Musicians of the National Dance Company of Cambodia

During their dreadful mission to change Cambodia back into a peasant society the Khmer Rouge almost wiped out a thousand years of their country's tradition. To Pol Pot and his brutal regime the classical dance drama of Cambodia was no more than an expression of elitism - symbolic of religion and royalty - and therefore it had to be destroyed.

Former musicians and dancers, along with other hated city people, were sent to the remote country areas of Cambodia. They were separated from their families and forced to work in fields, digging drains and irrigation canals, often with their bare hands.

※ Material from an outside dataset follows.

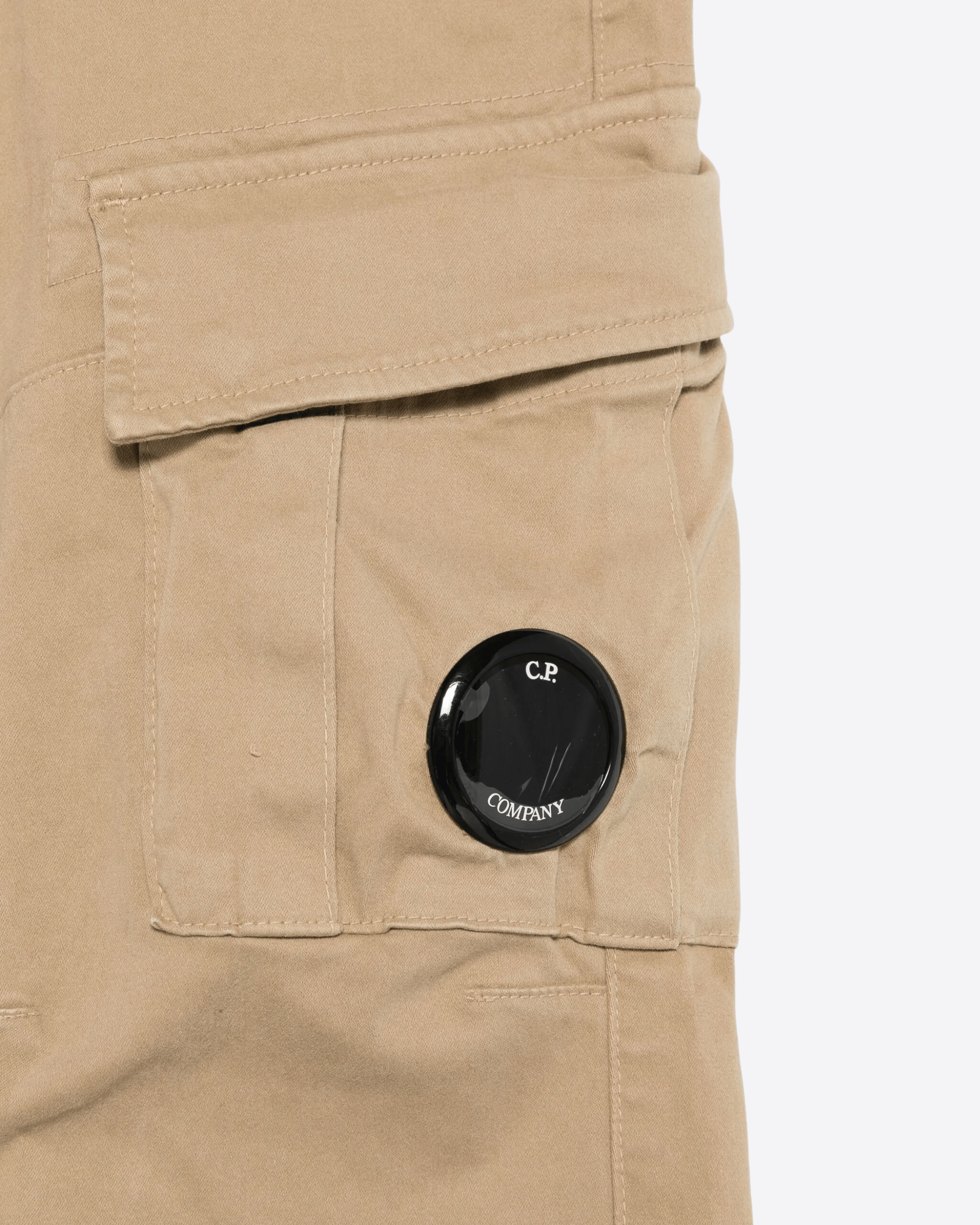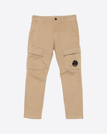 Pantaloni cargo C.P. Company realizzati in cotone beige, caratterizzati da un design funzionale e contemporaneo. Il modello presenta tasche cargo laterali, chiusura con bottoni, passanti per cintura e cuciture a vista che ne esaltano lo stile casual. L’iconico dettaglio Lens con logo distingue il capo, conferendo un tocco autentico e riconoscibile. C.P. Company consiglia di rimuovere eventuali accessori rimovibili prima del lavaggio.

Many of these canals never even worked, as the Pol Pot regime were not only going to invent a new society, they were going to get water to run up-hill as well.

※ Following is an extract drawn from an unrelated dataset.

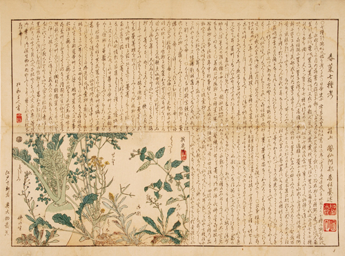 図(一) には 水斳せり、薺なづな、蘩縷はこべら、鼡麹草こぎやう、黄瓜莱たびらこ、菘すすな、莱 すずしろ。

Ninety percent of all artists and performers were killed during those dark years; only by hiding their identity did any survive at all. In the impoverished condition left by the war there was little to eat, but they were just hungry for their theatre. So much so that some of them walked the hundreds of miles back to Phnom Penh to perform again. When they reached the capital they found devastation – there were no instruments left, no costumes, no props, no school, no books. Yet from almost nothing they have resurrected and breathed new life into their ancient culture.

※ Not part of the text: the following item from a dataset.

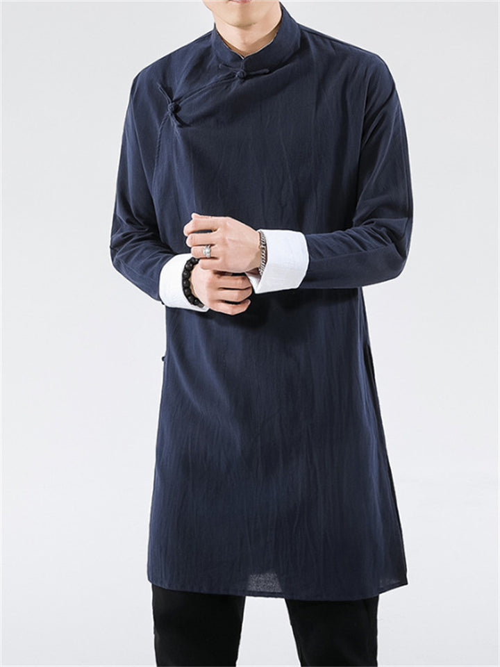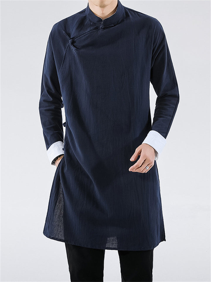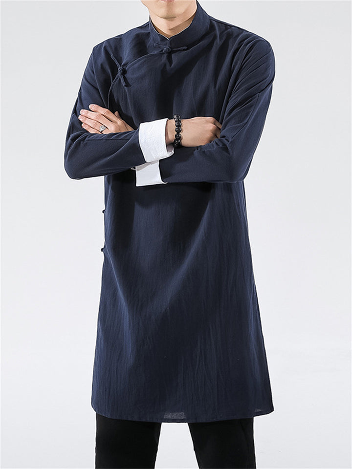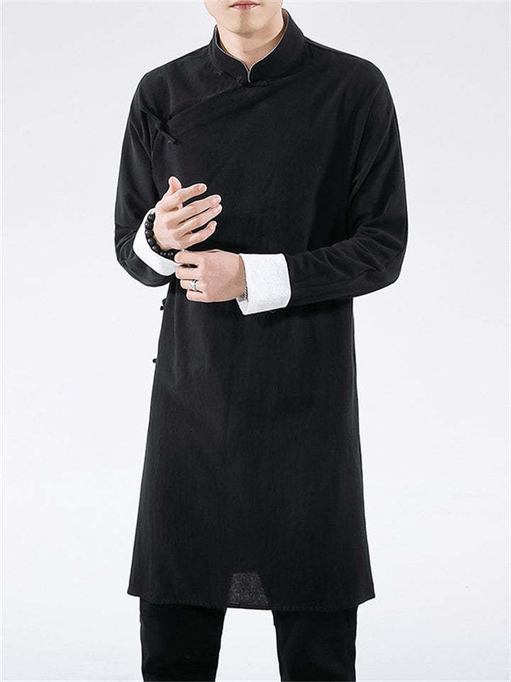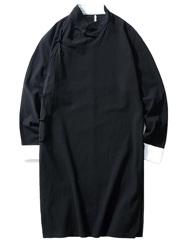 Men's Autumn Chinese Zen Style Black Long Sleeve Cardigan Jackets

Since its reformation in 1980, the Arts Department of the Ministry of Culture has developed a 300-strong professional dance and theatre company which has toured all over Cambodia and beyond. Their ranks are now refreshed by graduates from the re-instituted Fine Arts School, continuing the relationship between Guru and pupil without which the craft might easily be forgotten. It takes twelve years to become a dancer or musician – six years to learn the technique, and another six to gain the spiritual feeling needed to perform. The Guru is acknowledge as the owner, inventor, and master of the craft, and is remembered before each performance in an act of homage called Homrong.